Following a decision in Carl vs. University of Sheffield 2007, anyone who teaches a series of lessons and engages in student support over time would likely be classed by an Employment Tribunal as an employee.
This is extremely important, because workers who are not employees have few legal rights. Non-employed workers are covered by the Working Time Regulations and the Part Time Workers Regulations, but are assumed not to build up service, be entitled to redundancy pay, or have a right to challenge redundancy.
Fixed term vs. Permanent contracts (employment contracts)
As noted above, many of the disadvantages some staff face are the use of fixed term clauses in contracts. In the case of HPLs this may not be stated as a fixed term contract but any contract that varies from year to year (say) might be viewed as a series of fixed term contracts of 1 year duration. The presumption of any downwards variation is that it does not consist of ‘suitable alternative employment’ and could be turned down by the employee, with the employer either making the employee redundant or increasing the offer of work. Fair processes of consultation, including collective consultation if several employees are delivering comparable teaching are important here.
The key point about the Fixed Term Employees Regulations 2002 is that it is unlawful for a fixed term employee to suffer a detriment simply because they are fixed term, as against a permanent employee. This detriment would include any refusal to pool fixed term and permanent employees together in a situation where the employer wishes to reduce the salary of, or make redundant the fixed term employee.
Remember: any reduction in salary (e.g. due to loss of teaching hours) makes the contract not ‘suitable alternative employment’ and can be challenged.
Part time vs. full time contracts
Part time staff face a number of disadvantages compared to full time colleagues in most cases. The Part Time Workers Regulations essentially say that part time staff who are doing work which is comparable with a full-time colleague should:
- be paid at the same rate or better
- should not suffer any other detriment (e.g. worse holiday entitlement, not offering training offered to full-timers) as a result of being part time
- – unless such treatment is ‘objectively justified’.
Note that the different types of frequently used lecturing contracts need to be considered in terms of these three questions.
Usually if the employer says that a contract is fixed term they won’t argue that the staff member is not an employee, but HPLs may be issued with ‘worker’ (‘as and when’) contracts for some or all of their employment.

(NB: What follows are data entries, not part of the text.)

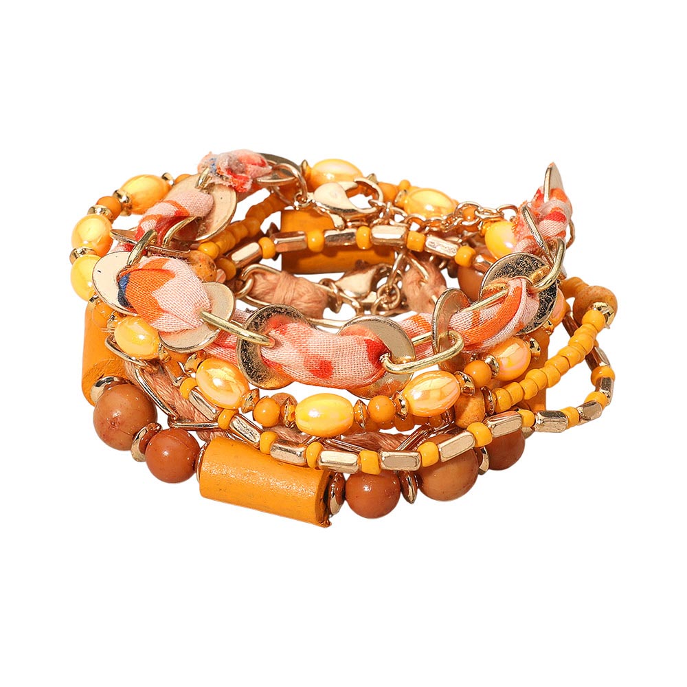 • Boho beaded layer bracelet set featuring multi-strand design with textured beads, fabric-wrapped accents, and metallic details for a handcrafted artisan style. Perfect for stacking and adding a trendy, relaxed vibe to everyday outfits, festival looks, vacations, and thoughtful gifting occasions.
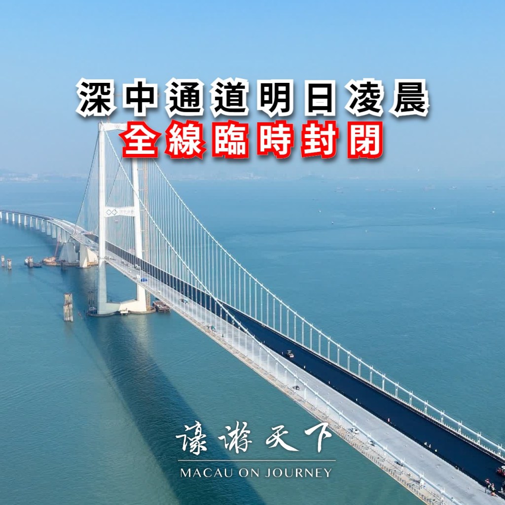 因舉行綜合應急演練,深中通道明日凌晨二時至五時,將全線雙向臨時封閉。
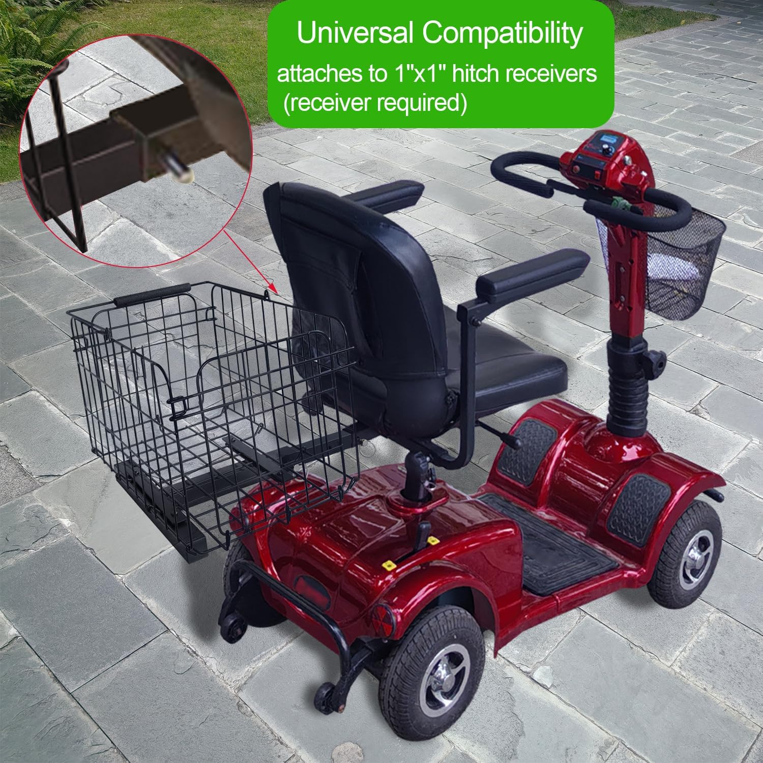 Universal Compatibility – Securely attaches to 1″x1″ hitch receivers on Pride, Go-Go, Golden & most mobility scooters/power chairs (receiver required).
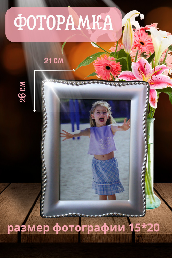 Элегантная фоторамка 26×21 см (фотография 15×20 см), стильное и универсальное украшение интерьера, которое поможет сохранить самые теплые воспоминания. Выполнена из прочного пластика «под серебро» с изящным витым кантом по краю, что придает изделию утонченный вид и делает его гармоничным элементом в классическом и современном интерьере. Рамка для фото оснащена прозрачным стеклом, которое надежно защищает от влаги и пыли. С обратной стороны плотная основа с бархатным покрытием. Конструкция позволяет устанавливать рамку как в вертикальном, так и в горизонтальном положении. Такая рамка настольная станет отличным подарком на любой праздник и прекрасно впишется в интерьер спальни, гостиной или офиса.
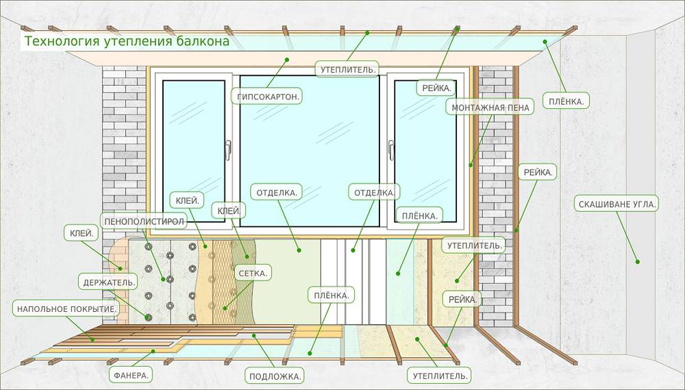 - улучшение теплоизоляционных свойств помещения за счет дополнительного утепления балкона либо лоджии;

Clarifying any legal ambiguity is important, because if the employer maintains that staff are workers but not employees then the first task to establish is whether some or all of the workers are in fact employees according to the criteria listed in 1(a)-(c) above. The link to the UCU Sheffield judgment in this case is very helpful in explaining in everyday language what this means for lecturers. Also see chapter 6 of the UCU Hourly Paid survival guide.
Finally, some rights do exist for ‘workers’ as well as employees.

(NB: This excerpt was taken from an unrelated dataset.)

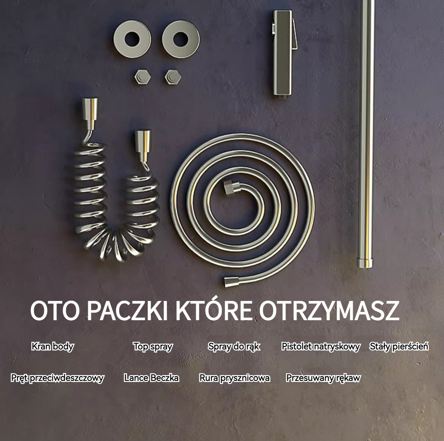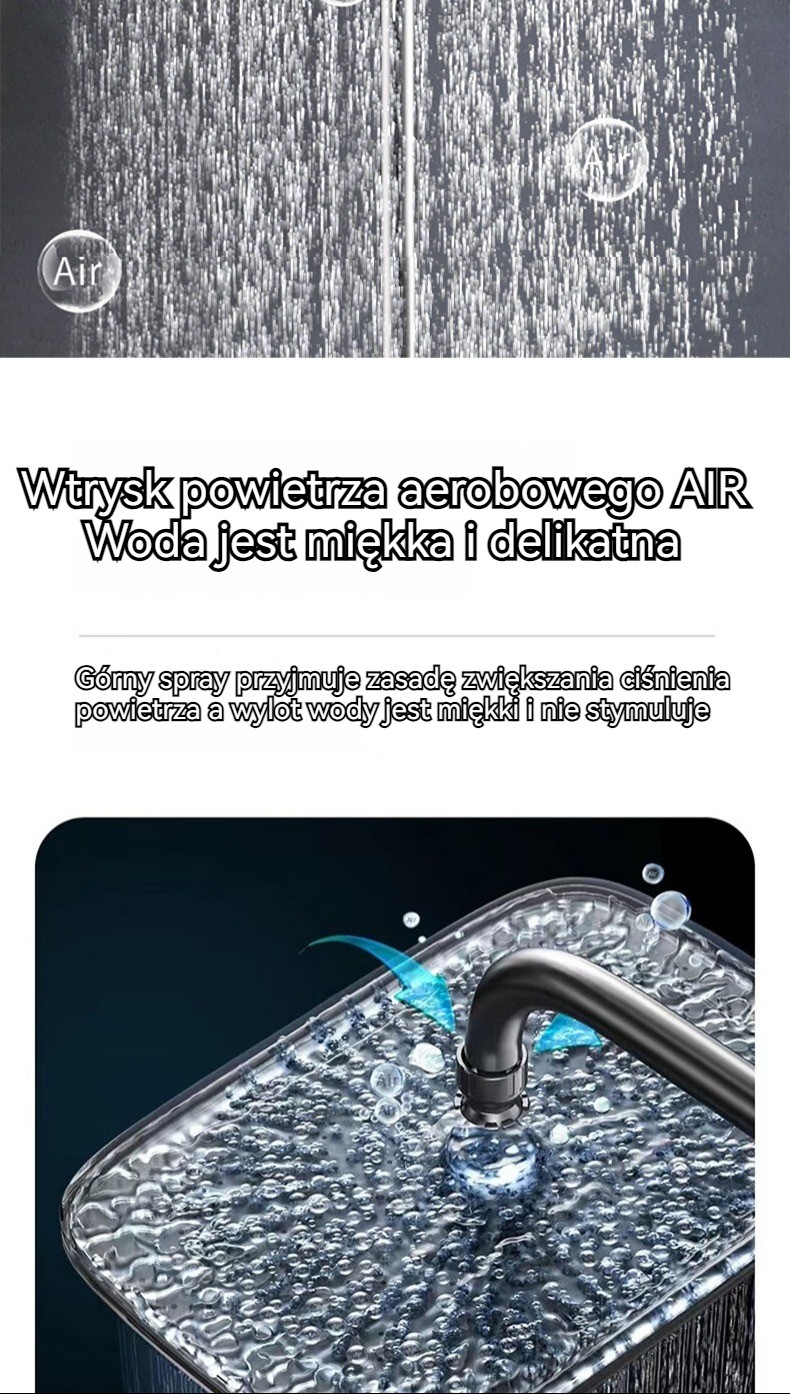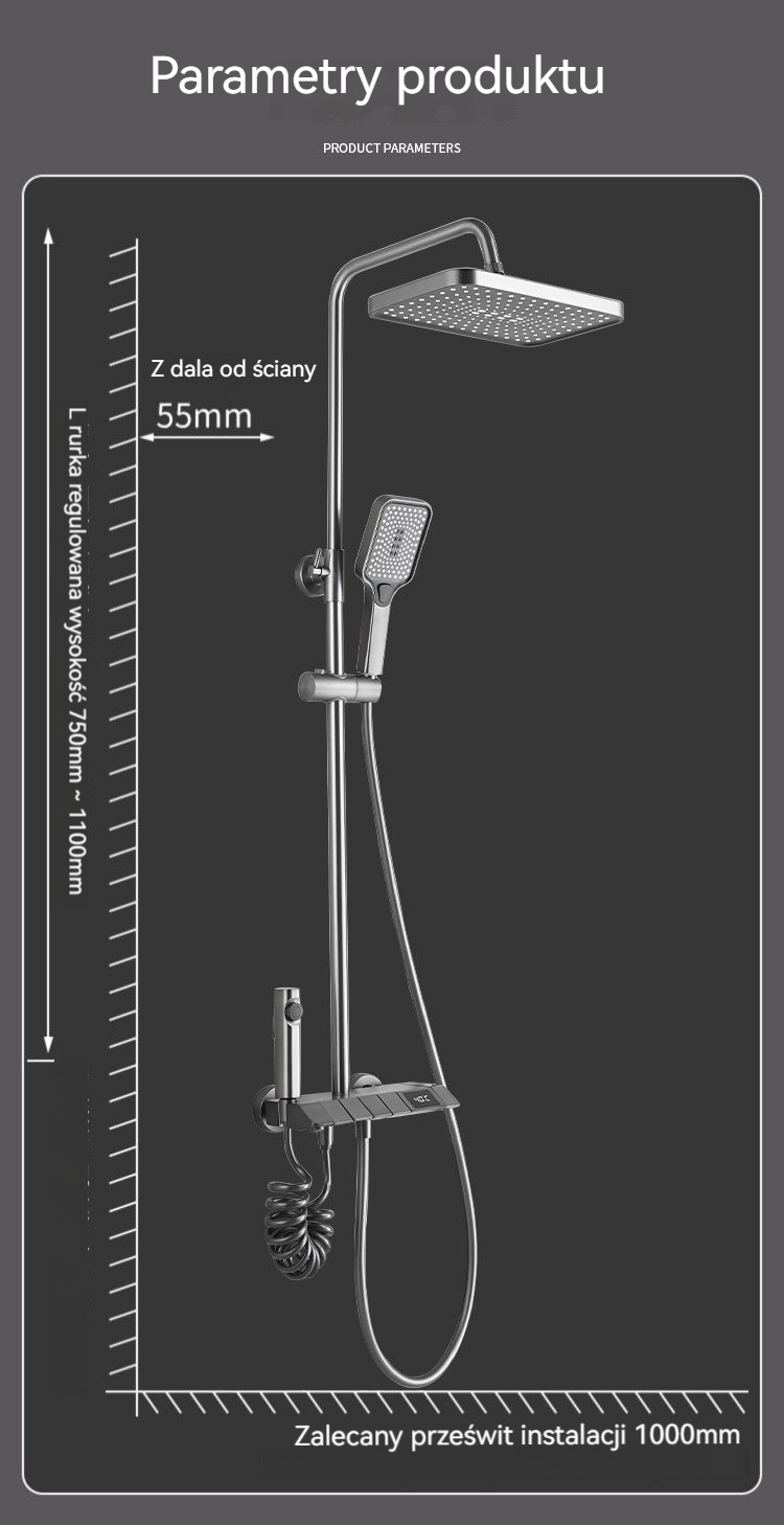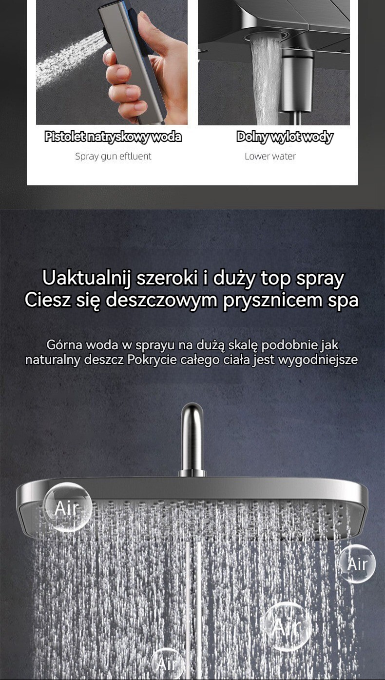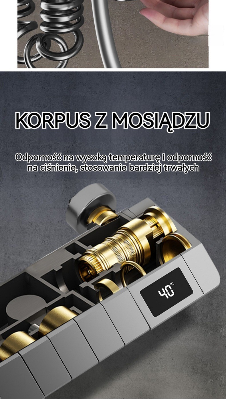 Zestaw prysznicowy, konstrukcja przycisku fortepianowego, ciesz się prysznicem spa, piękny i praktyczny, cyfrowy wyświetlacz temperatury hydroelektrycznej

Very often, employers claim that holiday pay is ‘rolled up’ in the HPL hourly rate and do not itemise holiday pay on pay slips, contracts or letters of engagement.
The Working Time Regulations 1998 state clearly that holiday pay must be paid and must accounted for separately, irrespective of the type of contract. The legislation also states that all workers are entitled to the same annual leave as permanent staff. If it has not been distinguished in payslips or in a letter of contract then the employer is in breach. They are not allowed to argue that it has been “rolled up” into a total amount.
UCL colleagues report that one of the things that encouraged fractionalisation immensely at their institution was the discovery that the institution was failing to properly account for and pay holiday pay, which in their case worked out at more than an 18% deficit. Note that this is a simple case to make from payslips once you know the correct percentage (how to calculate holiday pay).
Once you know the ‘Holiday Uplift Factor’ you can take any salary payment where holiday has not been accounted for in the contract or payslip and simply multiply it by that amount, and send HR the bill! You can then point out to the employer that this expensive mistake would not have happened if the HPLs were given fractional contracts and paid on the payroll system.
Haringey Council’s Adult Learning Service was made to pay back-payments to staff on an identical argument. You can argue that the employer should back-date payments as far back as 6 years, which would be a popular demand amongst staff!